Abstract

Although recent studies have shown comparable survival outcomes between unrelated donor (URD) and sibling donor stem cell transplantation in the myeloablative transplant setting, little comparative data based on donor source is available in the setting of non-myeloablative/reduced intensity conditioning (RIC), where it is presumed that GvL effects must play a key role in long term survival. In this retrospective analysis, we compare the outcome of 111 patients receiving RIC followed by either matched sibling (n = 65) or unrelated donor (n = 46) peripheral blood stem cell (PBSC) transplantation for hematologic malignancies. All patients were deemed ineligible for myeloablative conditioning based on institutional standards for age, comorbid disease, and/or prior therapy. All sibling and 38 of 46 unrelated recipients received A, B, DR matched grafts. The median recipient age in both cohorts was identical; sibling 52 y (range 12–75 y) and unrelated 52 y (range 29–69 y). Conditioning regimens were primarily fludarabine/cytoxan-based in both cohorts, with URD recipients skewed toward the addition of Alemtuzumab pre-transplant (69% URD vs 25% sib), and the use of TBI 200 for 21/23 myeloma pts.
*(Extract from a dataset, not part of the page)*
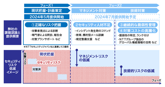 サプライチェーン全体の早期のセキュリティ対策の実現をご支援するため、お客さまの課題・要望に即した「マネジメント対策」、「技術対策」の提供を2024年7月に予定しています。

The distribution of diagnoses was similar between both cohorts in patients with lymphoid malignancies (NHL, HD, CLL n = 66) 34 sib vs 32 URD, and leukemia/MDS (n = 22), 10 sib vs 12 URD; the diagnosis of myeloma (n = 23) was skewed toward sibling donors (21 vs 2 URD). Kaplan-Meier estimate of overall survival (OS) for all patients at 2 years was 31%. At a median f/u of 43 weeks in both cohorts, overall survival was nearly identical (57% sibs; 55% URD). Of note, there was no statistically significant difference in 2 year OS between sibling and URD recipients (p = 0.25), nor was there a difference in K-M estimates of OS between sibling and URD recipients when patients with lymphoid and myeloid disease were analyzed separately. Among expired patients, there was no difference in the incidence of disease-related (26/42 sibs vs 18/32 URD) or treatment-related [organ failure, infection and GvHD] (16/42 sibs vs 14/32 URD) causes of death. Furthermore, a statistically significant higher proportion of GvHD-related death among URD patients was not seen. These data support the pursuit of unrelated donors for RIC transplantation as an alternative to sibling donors without compromising overall survival.